Validation (tree_diff_limits.rs) enforces both minimum bounds (must allow functionality) and upper bounds (prevent misconfigurations), plus consistency checks (e.g., path arena must be >= 8 bytes per candidate). Both compile-time (const validate()) and runtime (try_validate()) validation are provided.

Additional hard limits in the walker:

Constant Value Location Purpose
MAX_PATH_LEN 4096 tree_diff.rs Maximum path length in bytes (matches Linux PATH_MAX)
TREE_STREAM_BUF_BYTES 16,384 tree_diff.rs Streaming parser buffer size

Error Recovery

On any error during diff_trees, the walker calls cleanup_after_diff_call (tree_diff.rs) which drains all stack frames, releases in-flight byte charges, and clears the path buffer.
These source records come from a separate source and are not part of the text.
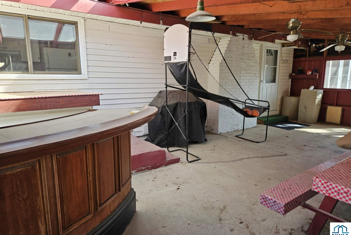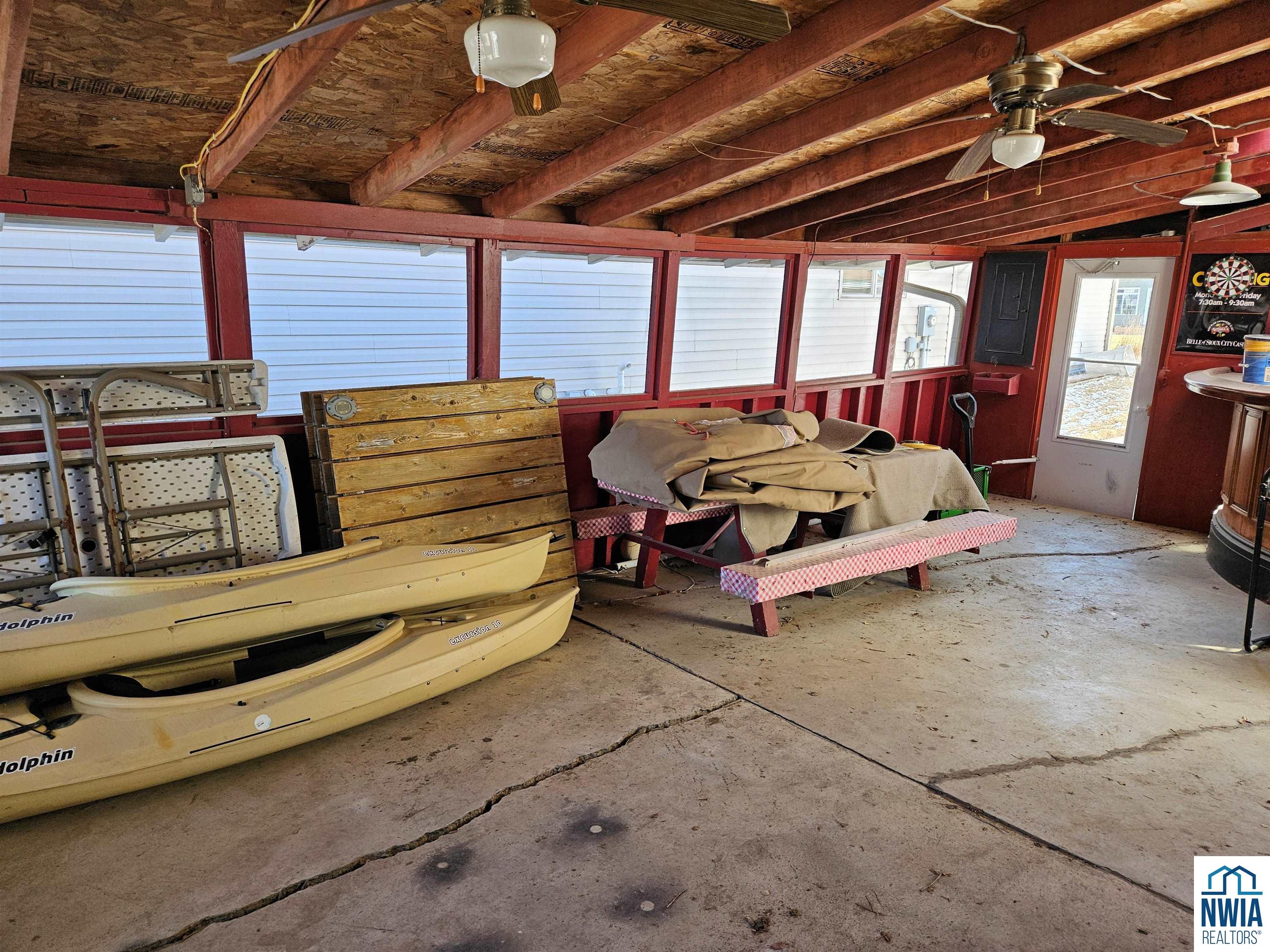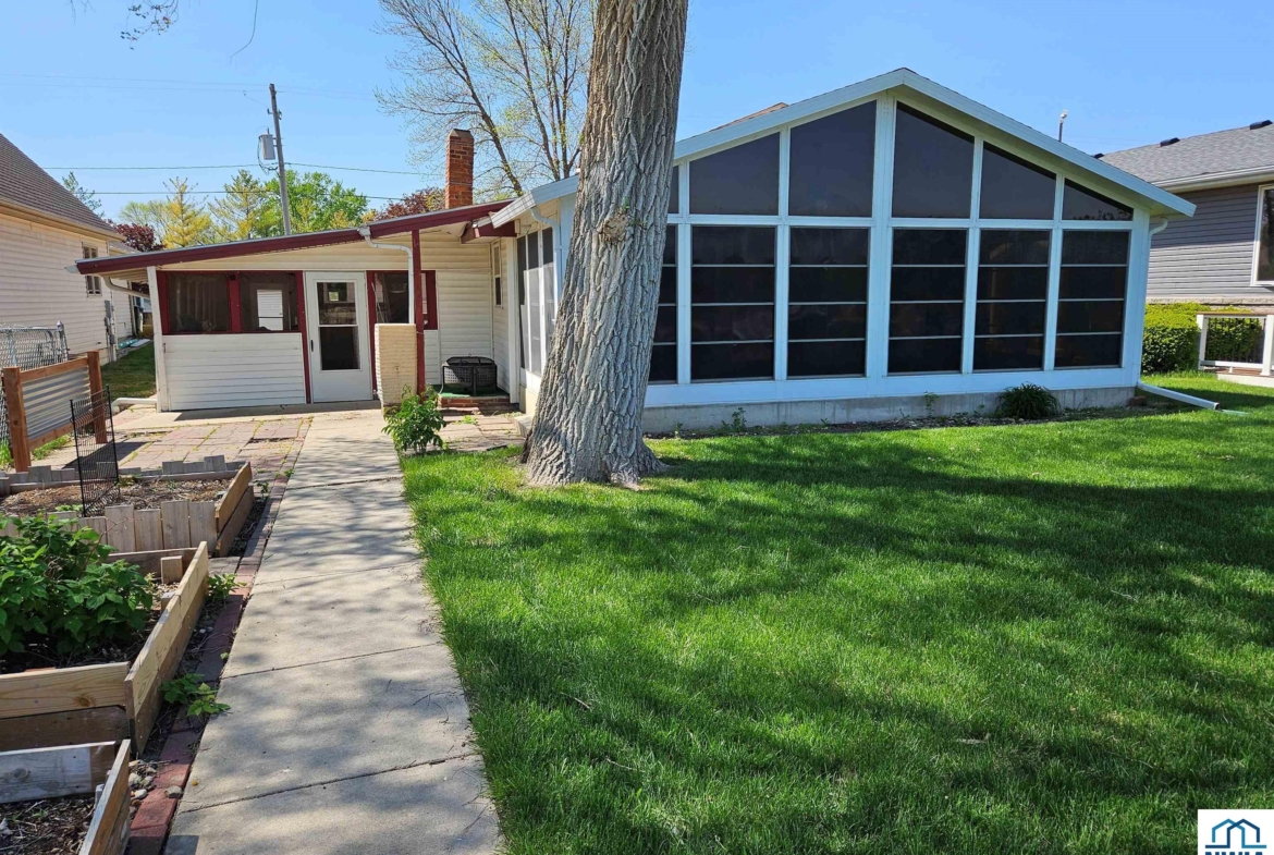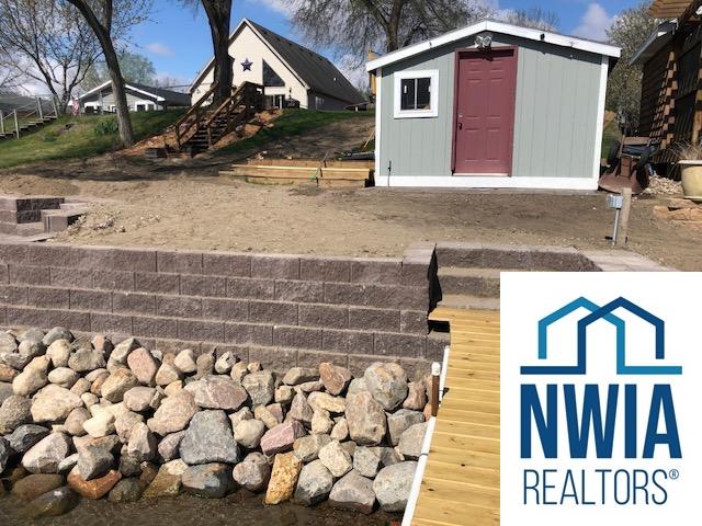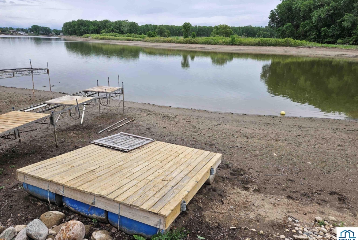 Come enjoy this refreshed and updated bungalow on McCook Lake. 2 bedrooms/1 bath, eat-in kitchen and large living room with faux fireplace, sliders to 9 x 23 Screen Builder three season porch with pine wall, vaulted ceiling, CF and windows with great lake views. Partially furnished and ready for fun times to begin. The lake front is renewed and updated with retaining wall, sandy beach area, dock house/storage and new deck on firepit level. Wildlife, refurbishing of the lake and rejuvenated interior space makes this sweet bungalow a must see. The entry door is in the 16 x 28 screened in porch on the side of the house which makes for a great entertaining space and covered entry. Kitchen is updated w/engineered wood flooring, white cabinets, butcher block counter tops, stainless farm sink and tile backsplash behind the stove. Kitchen appliances frig, stove & DW stay. Primary suite has a large walk in closet but this closet could easily be converted into a bedroom or used as an office. Completely updated bath with tile, new fixtures and vanity & mirror so adorable. As you go to the lake there is a nice sized and updated dock/storage shed 15 x 12 for the lake gear with a new deck off it. There is an updated dock for the lake toys, new lakeshore work completed that is so nice for evenings near the firepit. Yard is now sprinkled, raised garden boxes conveniently placed near screened porches and lots of trees removed for safety and better views of the lake. Another small storage shed 10 x 8 is on the street side, located near the one stall oversized attached garage.
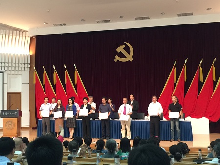 2015年6月29日,中国人民大学纪念建党94周年表彰大会在逸夫会议中心举行,全校共37名优秀党员、27名优秀党务工作者、34名优秀党支部书记、6个先进基层党委(党总支)、59个先进党支部受到表彰。澳洲幸运5预测 李肖教授获得“优秀共产党员”荣誉称号,党委书记徐飞获得“优秀党务工作者”荣誉称号。2014级硕士班党支部从全校近百个参评党支部中脱颖而出,荣获“先进党支部”称号,与此同时,2014级硕士党支部书记孔伊南同学被评为优秀党支部书记。
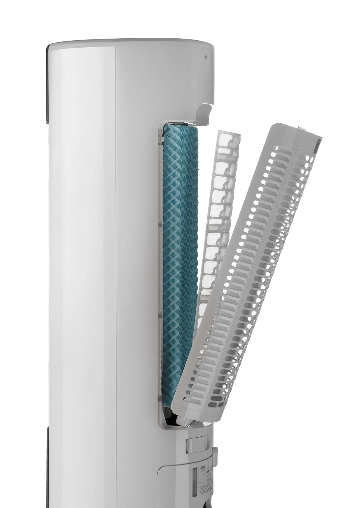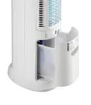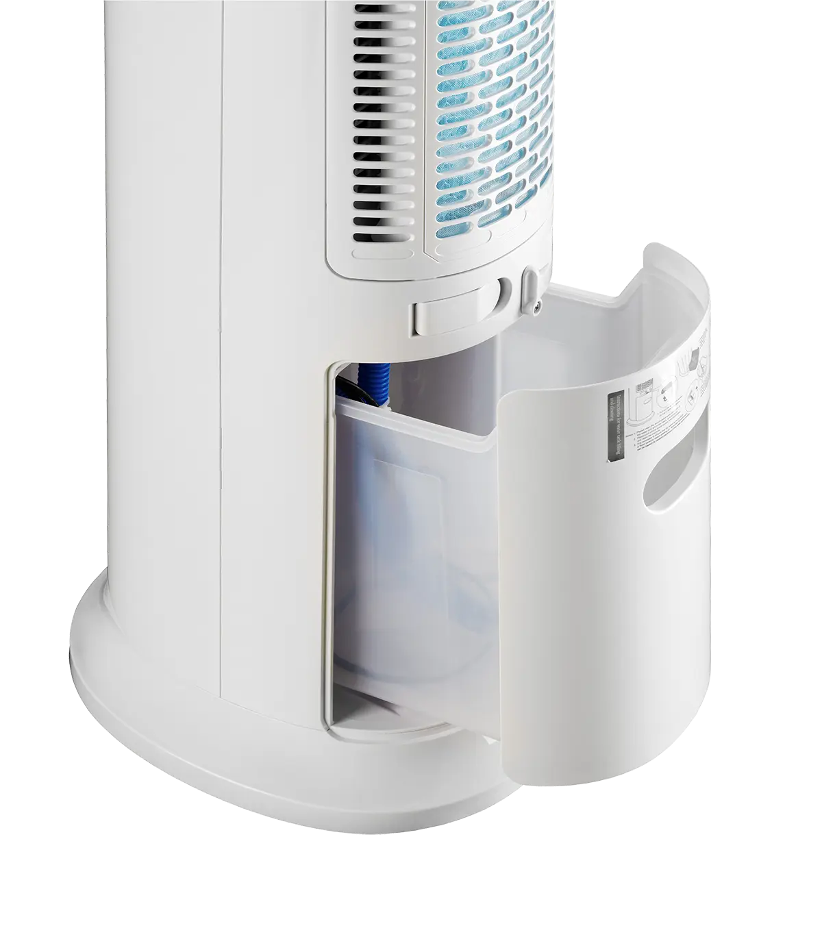 Přístroj profukuje vzduch přes vodní filtry, a tím dochází k jeho ochlazení. K provozu tak stačí naplnit nádržku vodou, a pokud chcete vzduch ještě více ochladit, přidáte k vodě chladící náplně, které jsou součástí balení. Zásobník s ukazatelem vodní hladiny má objem 7 l. Pokud ho vyjmete nebo bude prázdný, přístroj se automaticky vypne.

This ensures retries on the same walker start from a clean budget state -- verified by the budget_error_releases_in_flight_bytes_for_retry and depth_error_releases_in_flight_bytes_for_retry tests.

Performance Characteristics

  • O(n) in the number of changed entries (both trees walked once)
  • Subtree pruning: unchanged subtrees (same OID) are skipped with zero I/O
  • No blob reads: OID-only comparison during the diff phase
  • Fixed stack allocation: explicit Vec<DiffFrame> bounded by max_depth
  • Allocation reuse: stack, path buffer, and name scratch are retained across diff_trees calls -- no per-call allocation
  • Streaming for large trees: trees above the cache-slot threshold use a 16 KiB sliding window instead of full materialization
  • SIMD-accelerated parsing: memchr crate for space/NUL/slash scanning (NEON on aarch64, SSE2/AVX2 on x86-64)

Source of Truth

Concept Source File
Diff walker, merge-walk algorithm tree_diff.rs
Action dispatch and subtree push tree_diff.rs
compute_action (entry comparison) tree_diff.rs
Tree entry binary format and parsing tree_entry.rs
EntryKind and mode classification tree_entry.rs
TreeEntryIter (complete-buffer iteration) tree_entry.rs
Git tree ordering (base_name_compare) tree_order.rs
TreeStream (sliding-window parser) tree_stream.rs
TreeBytesReader (Read adapter) tree_stream.rs
TreeDiffLimits and validation tree_diff_limits.rs
ChangeKind, CandidateSink, CandidateBuffer tree_candidate.rs
TreeCandidate, CandidateContext, ResolvedCandidate tree_candidate.rs
TreeCache (OID-keyed set-associative cache) tree_cache.rs
TreeDeltaCache (offset-keyed set-associative cache) tree_delta_cache.rs
SetAssociativeCache framework (CLOCK eviction) cache_common.rs
TreeSource trait, TreeBytes enum object_store.rs
TreeDiffError variants errors.rs

All paths are relative to crates/scanner-git/src/.